TASK DETAILS: Below this line are records; write out exactly the lines from the one containing "[Compatible Models] This" through the one containing "9月17日(木)の給食はチキ", with the pictures left out.

SUPPLIED RECORDS:

╭──

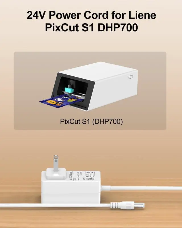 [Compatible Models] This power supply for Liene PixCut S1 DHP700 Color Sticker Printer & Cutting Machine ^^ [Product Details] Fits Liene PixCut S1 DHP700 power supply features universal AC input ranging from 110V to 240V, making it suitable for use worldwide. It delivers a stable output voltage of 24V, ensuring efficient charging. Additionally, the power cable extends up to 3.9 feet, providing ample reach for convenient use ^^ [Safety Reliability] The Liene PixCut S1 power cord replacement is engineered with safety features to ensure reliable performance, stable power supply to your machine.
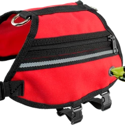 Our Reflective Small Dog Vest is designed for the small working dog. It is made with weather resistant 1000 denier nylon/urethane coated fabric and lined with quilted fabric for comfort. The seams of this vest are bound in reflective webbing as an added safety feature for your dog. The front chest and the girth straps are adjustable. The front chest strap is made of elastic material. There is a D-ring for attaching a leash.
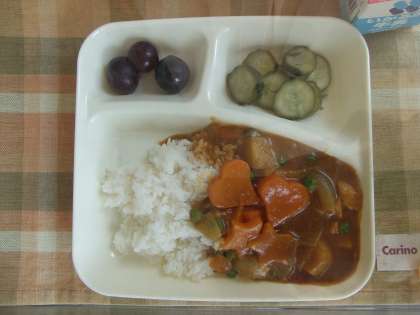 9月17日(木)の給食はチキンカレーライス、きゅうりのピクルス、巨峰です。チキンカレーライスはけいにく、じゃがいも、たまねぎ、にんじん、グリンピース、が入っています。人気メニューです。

╰──
╭──

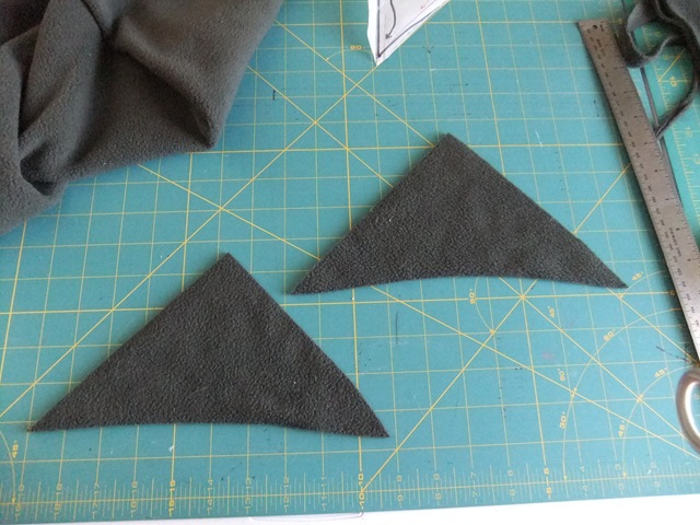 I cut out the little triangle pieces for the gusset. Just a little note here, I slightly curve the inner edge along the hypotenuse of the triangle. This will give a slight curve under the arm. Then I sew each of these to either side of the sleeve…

╰──
╭──

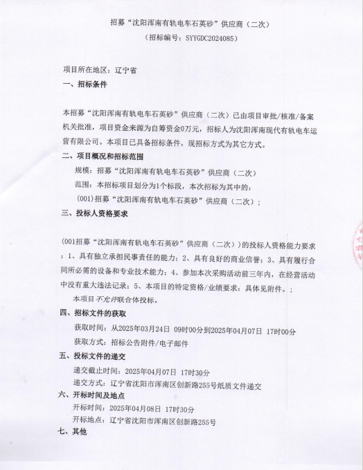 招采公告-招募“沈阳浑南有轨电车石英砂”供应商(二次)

╰──

ANSWER FOR THE TASK:
 [Compatible Models] This power supply for Liene PixCut S1 DHP700 Color Sticker Printer & Cutting Machine ^^ [Product Details] Fits Liene PixCut S1 DHP700 power supply features universal AC input ranging from 110V to 240V, making it suitable for use worldwide. It delivers a stable output voltage of 24V, ensuring efficient charging. Additionally, the power cable extends up to 3.9 feet, providing ample reach for convenient use ^^ [Safety Reliability] The Liene PixCut S1 power cord replacement is engineered with safety features to ensure reliable performance, stable power supply to your machine.
 Our Reflective Small Dog Vest is designed for the small working dog. It is made with weather resistant 1000 denier nylon/urethane coated fabric and lined with quilted fabric for comfort. The seams of this vest are bound in reflective webbing as an added safety feature for your dog. The front chest and the girth straps are adjustable. The front chest strap is made of elastic material. There is a D-ring for attaching a leash.
 9月17日(木)の給食はチキンカレーライス、きゅうりのピクルス、巨峰です。チキンカレーライスはけいにく、じゃがいも、たまねぎ、にんじん、グリンピース、が入っています。人気メニューです。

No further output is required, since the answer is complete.